● Problem: Pick every line from the data below that contains the string "with" and copy it.

● Provided records:
---
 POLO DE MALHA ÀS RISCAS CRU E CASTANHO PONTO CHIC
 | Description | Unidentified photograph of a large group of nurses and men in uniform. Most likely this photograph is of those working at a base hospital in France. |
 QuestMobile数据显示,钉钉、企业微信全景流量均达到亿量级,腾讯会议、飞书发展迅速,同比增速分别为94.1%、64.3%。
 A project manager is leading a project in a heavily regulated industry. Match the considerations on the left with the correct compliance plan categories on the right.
---
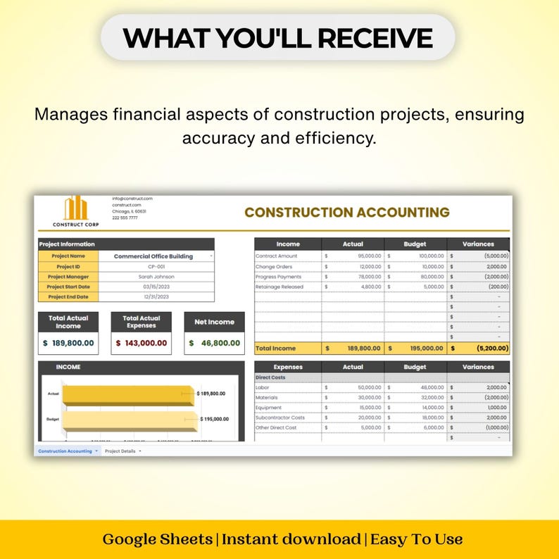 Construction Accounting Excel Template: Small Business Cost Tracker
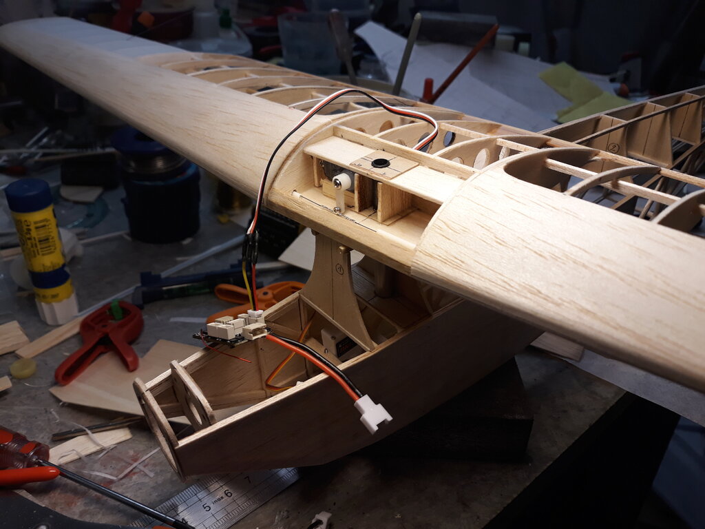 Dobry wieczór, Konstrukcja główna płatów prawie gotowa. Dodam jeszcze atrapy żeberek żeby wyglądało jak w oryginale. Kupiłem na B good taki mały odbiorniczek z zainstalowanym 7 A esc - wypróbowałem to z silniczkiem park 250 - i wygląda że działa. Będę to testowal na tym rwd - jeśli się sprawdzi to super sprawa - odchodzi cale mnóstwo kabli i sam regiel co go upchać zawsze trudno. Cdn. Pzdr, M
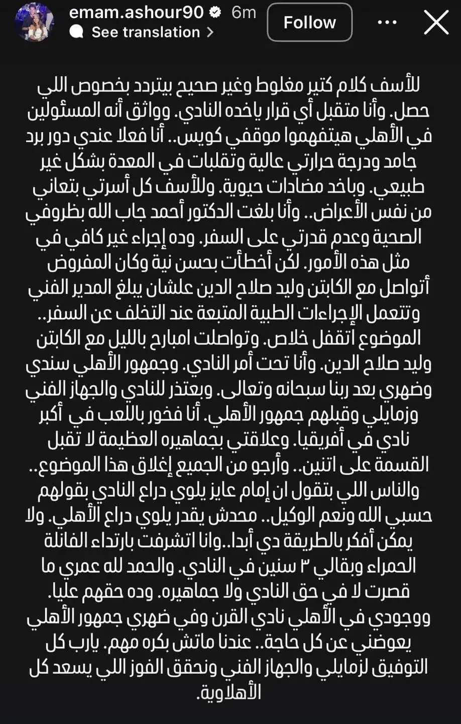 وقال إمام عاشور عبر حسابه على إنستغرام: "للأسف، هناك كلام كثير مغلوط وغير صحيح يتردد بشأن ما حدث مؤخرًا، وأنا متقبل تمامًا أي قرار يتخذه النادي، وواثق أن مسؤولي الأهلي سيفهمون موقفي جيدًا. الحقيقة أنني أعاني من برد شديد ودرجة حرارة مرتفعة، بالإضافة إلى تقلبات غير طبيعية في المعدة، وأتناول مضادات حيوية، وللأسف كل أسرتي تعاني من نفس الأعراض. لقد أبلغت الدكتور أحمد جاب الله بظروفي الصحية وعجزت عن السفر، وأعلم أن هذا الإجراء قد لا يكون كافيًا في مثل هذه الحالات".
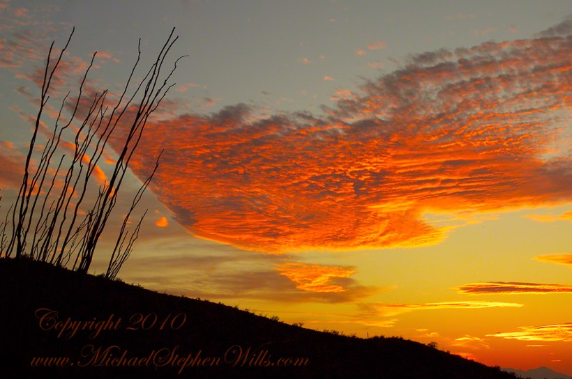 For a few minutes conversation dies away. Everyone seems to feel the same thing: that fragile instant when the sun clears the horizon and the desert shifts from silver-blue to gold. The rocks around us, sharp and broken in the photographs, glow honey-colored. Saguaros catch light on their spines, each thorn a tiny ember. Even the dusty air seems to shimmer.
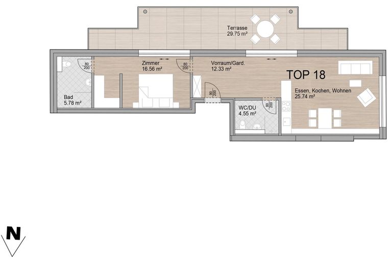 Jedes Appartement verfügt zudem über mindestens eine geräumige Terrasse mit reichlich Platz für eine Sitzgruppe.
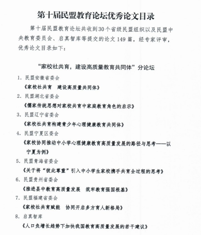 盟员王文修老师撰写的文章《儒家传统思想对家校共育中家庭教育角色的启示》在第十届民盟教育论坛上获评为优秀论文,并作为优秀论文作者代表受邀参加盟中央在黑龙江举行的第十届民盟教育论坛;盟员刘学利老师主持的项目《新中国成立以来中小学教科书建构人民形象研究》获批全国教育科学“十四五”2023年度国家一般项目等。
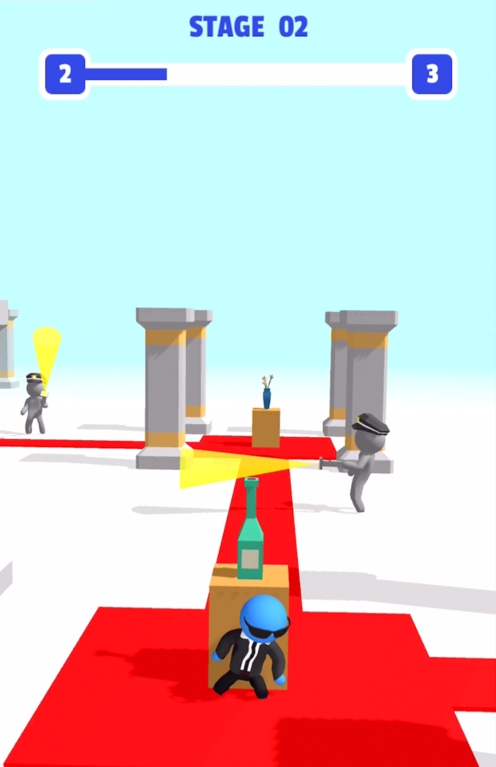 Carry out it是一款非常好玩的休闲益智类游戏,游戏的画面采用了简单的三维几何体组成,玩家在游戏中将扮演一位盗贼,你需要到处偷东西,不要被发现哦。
---
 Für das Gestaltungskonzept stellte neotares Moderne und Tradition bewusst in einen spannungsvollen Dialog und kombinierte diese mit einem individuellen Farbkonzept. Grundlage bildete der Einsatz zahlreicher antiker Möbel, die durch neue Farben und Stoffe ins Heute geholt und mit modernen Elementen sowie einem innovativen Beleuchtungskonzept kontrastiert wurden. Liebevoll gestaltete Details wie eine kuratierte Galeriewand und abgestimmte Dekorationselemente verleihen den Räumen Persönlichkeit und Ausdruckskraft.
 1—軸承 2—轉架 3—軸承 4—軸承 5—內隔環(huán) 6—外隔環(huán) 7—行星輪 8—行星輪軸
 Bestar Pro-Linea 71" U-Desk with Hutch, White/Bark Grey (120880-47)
---
● Response area:
 A project manager is leading a project in a heavily regulated industry. Match the considerations on the left with the correct compliance plan categories on the right.
 Bestar Pro-Linea 71" U-Desk with Hutch, White/Bark Grey (120880-47)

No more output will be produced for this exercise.